The surface-modified bacteria of the invention may be coated with exogenous, natural, non-natural films. The surface-modified bacteria according to the embodiments of the present invention have an envelope on the surface thereof, and the envelope is formed of a polymer. In a preferred embodiment of the present application, the surface-modified bacteria of the present invention have a surface coating formed of an anionic polymer (preferably L100-55), and the surface of the bacteria is first coated with cations during the preparation process, and then the anionic polymer electrostatically reacts with the cations on the surface of the bacteria to self-assemble the coating, for example, in a specific embodiment of the present application, the bacteria are treated with a calcium salt solution (e.g., a calcium chloride solution) to cause Ca adsorption on the surface of the bacteria ²⁺ Ions, followed by addition of anionic polymers to self-assemble at the bacterial surface to form the envelope. As shown in the schematic flow chart of FIG. 1a, ca is adsorbed on the bacterial surface ²⁺ After the addition of the ion, the pH is lowered to enable the anionic polymer to react with Ca ²⁺ Electrostatic interaction, self-assembly on the bacterial surface to form the envelope. In particular embodiments of the invention, the bacteria are treated (e.g., suspended) using a calcium phosphate solution comprising calcium chloride. The inventors have found that when the pH reduction is less than or equal to 5, the integrity of the coating is superior (relative to environments with pH above 5, for example ph=7.4 in the specific example).

The bacteria may be probiotics or medical strains. In this embodiment, the bacteria may be one or more of escherichia coli EcN, enterococcus faecalis, bacillus subtilis, clostridium butyricum, lactobacillus, bifidobacterium and actinomycetes; for example E.coli Nissle 1917 (E.coli Nissle 1917, ecN), B.subtilis, E.faecalis (Enterococcus faecalis).

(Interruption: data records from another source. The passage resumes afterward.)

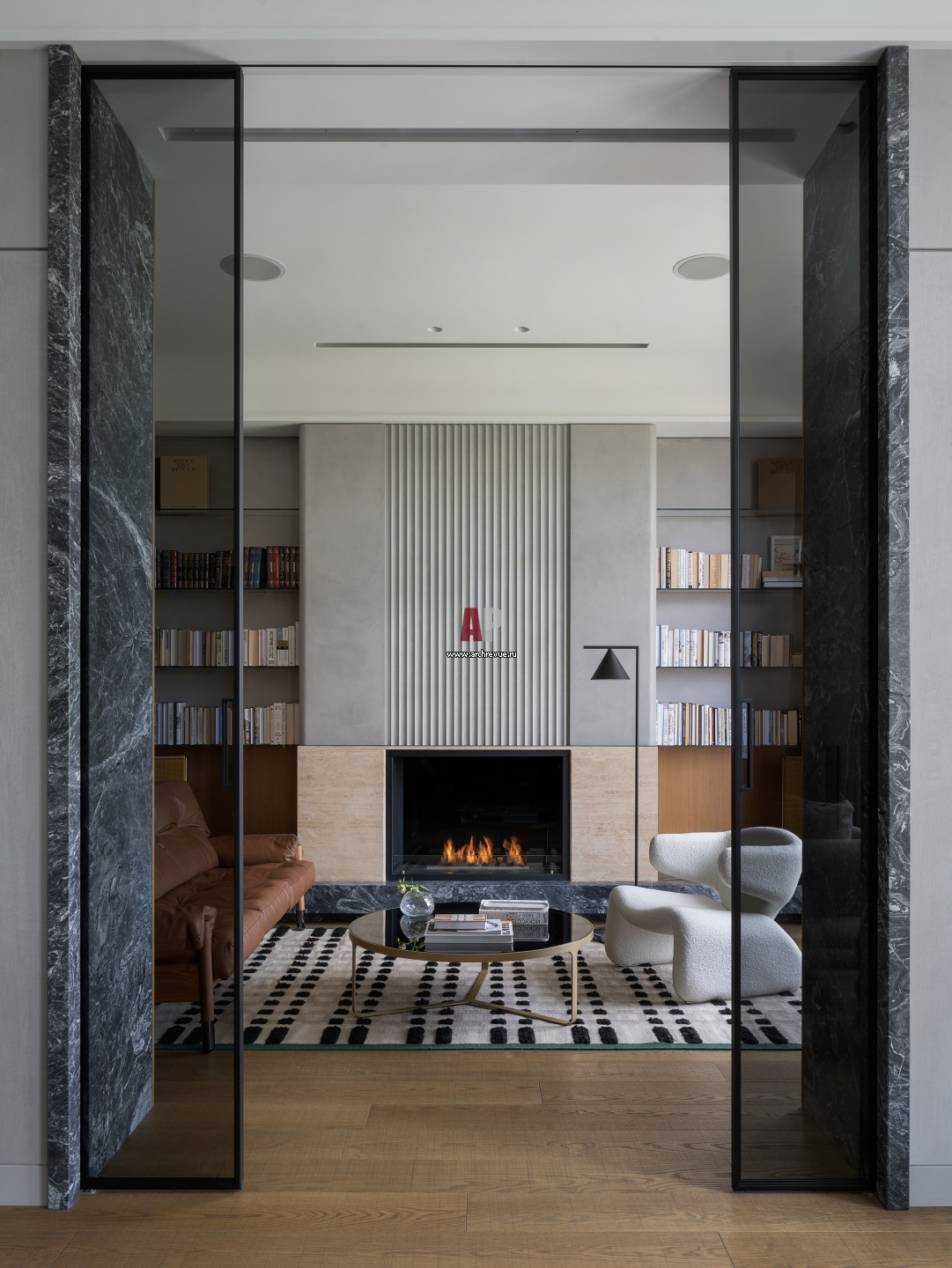За раздвижными стеклянными перегородками расположен небольшой кабинет с балконом и красивым видом на город. Раздвижные двери уезжают внутрь стены, торцы которой отделаны натуральным мрамором. Благодаря этой облицовке создан эффект толстой стены-обманки.
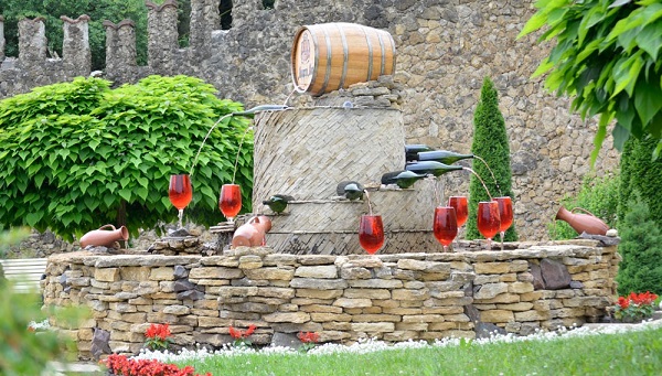 Vòi phun rượu vang bên ngoài nhà máy Mileștii Mici. Ảnh: Milestii-mici.md
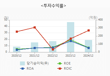 슈프리마에이치큐의 매출총이익률은 2020년부터 2023년까지 39%에서 35.30%로 하락했으며, 2023년에는 38.23%로 소폭 회복되었습니다. 영업이익률은 2020년부터 2023년까지 -13.13%에서 12.26%로 개선되었고, 순이익률은 -4.38%에서 75.68%로 큰 폭의 개선을 보였습니다. ROE(자기자본이익률)는 2023년 19.45%, ROA(자산이익률)는 17.28%, ROIC(투하자본수익률)은 21.23%로 매우 우수한 수치를 기록하였습니다.
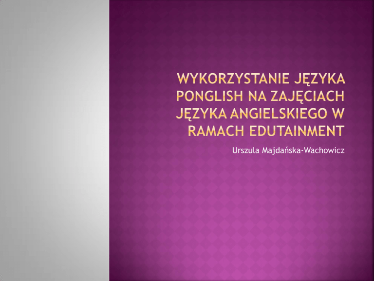 Urszula Majdańska-Wachowicz Wykład na temat języka PONGLISH pt. Ponglish w aspekcie słowotwórczym. Zarys problematyki, Edutainment w zarysie, Ćwiczenia. Wykład został przygotowany na podstawie dwóch artykułów naukowych wygłoszonych podczas międzynarodowych konferencji lingwistycznych: 1) „Ponglish w aspekcie strukturalnym – zarys problematyki” Zielonogórskie Seminaria Językoznawcze 2012 (artykuł ukaże się w monografii pokonferencyjnej), 2) „Expressive means in Ponglish” Young Linguists’ Meeting Poznań 2012 (artykuł ukaże się w Journal of Modern Education, NY, USA) 3) W materiale badawczym nie naniesiono żadnych zmian ortograficznych, stylistycznych itp. (dotyczy cytatów, zdań przykładowych, definicji itd.), 4) Metodologia badań: językoznawstwo strukturalne, pragmatyka, językoznawstwo kognitywne. „Język Polonii” (Walczak, 2001a: 569) „Dialekt polonijny” (Sękowska, 1994:7-8) „Mówiona odmiana języka używana przez Polaków mieszkających w Wielkiej Brytanii i w Irlandii” (Błasiak, 2008: 156-162) „Językowy koktajl” (http://www.telegraph.co.uk/news/worldnews/europe/poland/2235917/PolishPonglish-dialect-arrives-in-England.html 20 maja 2012) „nowy język, który jest połączeniem języka angielskiego i polskiego” (http://news.bbc.co.uk/2/hi/uk_news/england/7500077.stm 20 maja 2012) Ponglish = Polish + English Chinglish, Czenglish, Spanglish, Denglish, etc. „Ponglish.org to słownik slangu polsko-angielskiego, którym posługują się Polacy mieszkający i pracujący na Wyspach Brytyjskich (Wielka Brytania i Irlandia) bądź w innych krajach anglojęzycznych. Ponglish (Ponglisz) oparty jest na języku polskim, ale zawiera wiele wyrazów, zwrotów, wyrażeń oraz konstrukcji składniowych pochodzących z języka angielskiego.Słownik Ponglish.org tworzony jest przez użytkowników strony. Każdy może dodać swoją propozycję bezpośrednio na stronie Ponglish.org bądź za pomoca Facebooka, czy Twittera. Pomysł na stronę narodził się w 2009 roku, a gotowy serwis został uruchomiony na początku lutego 2010 roku. Po miesiącu do słownika zostało dodanych ponad 500 słów. Obecnie dochodzi około 10 nowych słów dziennie.Obecnie pracujemy nad dodaniem możliwości dodawania słów w odpowiednich kategoriach ze względu na pochodzenie. Możliwość dodawania kategorii istnieje już przy dodawaniu każdego słowa” (Ponglish.org.) „Ponglish: (od ang. Polish i English) slangu polskoangielskiego, którym posługują się Polacy mieszkający i pracujący na Wyspach Brytyjskich (Wielka Brytania i Irlandia) bądź w innych krajach anglojęzycznych. Ponglish (Ponglisz) oparty jest na języku polskim, ale zawiera wiele wyrazów, zwrotów, wyrażeń oraz konstrukcji składniowych pochodzących z języka angielskiego. - Zadzwonię jutro! - OK. Będziemy w intaczu! Tagi: ponglish Polish English Powiązane słowa: ponglisz Kategorie: Ponglish amerykański Ponglish brytyjski Ponglish polski Ponglish budowlany Ponglish internetowy Ponglish technologiczny Ponglish potoczny Ponglish biznesowy Data dodania: 2010-0309 Autor: marek” W badanym słowniku brak wyznaczników stylu naukowego. Warstwę językową cechują liczne błędy językowe, najczęściej ortograficzne (tzw. „literówki”), co wydaje się typowe dla komunikacji internetowej. W słowniku przeważa styl swobodny, potoczny, niekiedy ekspresywno-oceniający. Dotyczy to definicji, zdań lub dialogów przykładowych. Osobliwy kształt językowy słownika wynika z tego, że jest to twór dynamiczny, spontanicznie wzbogacany przez najróżniejszych użytkowników (tj. w słowniku nie znajdują się informacje na temat wykształcenia użytkowników, ich statusu społecznego czy poziomu znajomości języka ojczystego i języka angielskiego). Z tego względu w badanym materiale językowym (hasła, definicje, przykłady itp.) nie wprowadzono żadnych zmian ortograficznostylistycznych. Hasła zgromadzone w słowniku są opatrzone rozmaitymi kwalifikatorami, np. PONGLISH BRYTYJSKI, PONGLISH AMERYKAŃSKI, PONGLISH POLSKI, PONGLISH MIEJSKI, PONGLISH POTOCZNY, PONGLISH BUDOWLANY, PONGLISH TECHNOLOGICZNY, PONGLISH INTERNETOWY itd. Oznacza to, że język ten ma bardzo szeroki zakres zastosowania oraz zasięg występowania. Na podstawie kwalifikatorów można wywnioskować, że posługują się nim nie tylko Polacy przebywający w krajach anglojęzycznych, ale także Polacy mieszkający w Polsce. Podstawą wyodrębnienia wspólnoty komunikatywnej posługującej się tym językiem jest z jednej strony kryterium geograficzne (emigranci mieszkający i pracujący w krajach anglojęzycznych), z drugiej kryterium zawodowe (specjaliści posługujący się internacjonalizmami itp.), z trzeciej zaś kryterium, które można by zdefiniować jako kryterium nowoczesności. Odnosi się ono do określonego sposobu i warunków życia, w których dostęp do zdobyczy cywilizacyjnych, korzystanie z nowych technologii, zmiany w sposobie komunikowania, a przede wszystkim w mniejszym lub większym stopniu znajomość języka globalnego – jakim jest język angielski - stanowią ważne wyznaczniki (dwa ostatnie kryteria odnoszą się także do Polaków, którzy mieszkają w Polsce). Potwierdza to Marcin Zabawa, który ujmuje kontakt językowy polsko-angielski bardzo wszechstronnie, nie ograniczając go jedynie do kryterium geograficznego. Zdaniem badacza do kontaktu językowego dochodzi w procesie komunikacji internetowej, nauki języka angielskiego w szkole, podczas oglądania filmów anglojęzycznych itp. (Zabawa, 2008: 155). Z tego względu, stosując termin Ponglish, uwzględniam wielowymiarowość kontaktu języka polskiego z angielskim. Ponglish to kod multifunkcyjny, wewnętrznie zróżnicowany, w którym w zależności od kwalifikatorów dominują określone funkcje językowe. Do prymarnych, współistniejących i przenikających się między sobą funkcji należy zaliczyć: 1) usprawnienie komunika

The bacterial surface has an envelope, formed with particular reference to the preparation methods described above or in particular examples, the envelope formed comprising a polymer, calcium ions, wherein the calcium ions are used to crosslink the anionic polymer. In a preferred embodiment of the invention, the polymer is an anionic polymer (e.g., L100-55); in a preferred embodiment, the anionic polymer is a pH-responsive anionic polymer that can decompose or disintegrate at or below or above a particular pH. The bacterial envelope according to the present invention can dissolve, disintegrate or disintegrate at pH >5.5 or pH >6, for example at ph=6.8, and can control release of bacteria and targeted delivery of bacteria, for example by protecting bacteria from disintegration and survival when passing gastric acid, and can disintegrate and disintegrate in the intestinal tract, thereby releasing bacteria. In other embodiments of the invention, the polymer forming the coating may also be an enzyme-responsive polymer, a light-responsive polymer, a reductive-responsive polymer. The enzyme-responsive polymer is degradable in the presence of certain enzymes (e.g., certain digestive enzymes, hydrolytic enzymes, etc.), the light-responsive polymer is degradable or degradable under light conditions, and the reducing-responsive polymer is degradable or degradable in the presence of a reducing enzyme or reducing agent, thereby being degradable at a specific location (in the gut). The surface-modified bacteria disclosed by the invention are coated on the surface, the bacteria are temporarily inactivated when the pH is less than 5.5, the environment can be identified, and the bacteria can be rapidly compounded after the outer membrane is removed in a responsive manner when the pH is more than 5.5, so that the bacteria can be released in a controlled manner and targeted delivery can be realized.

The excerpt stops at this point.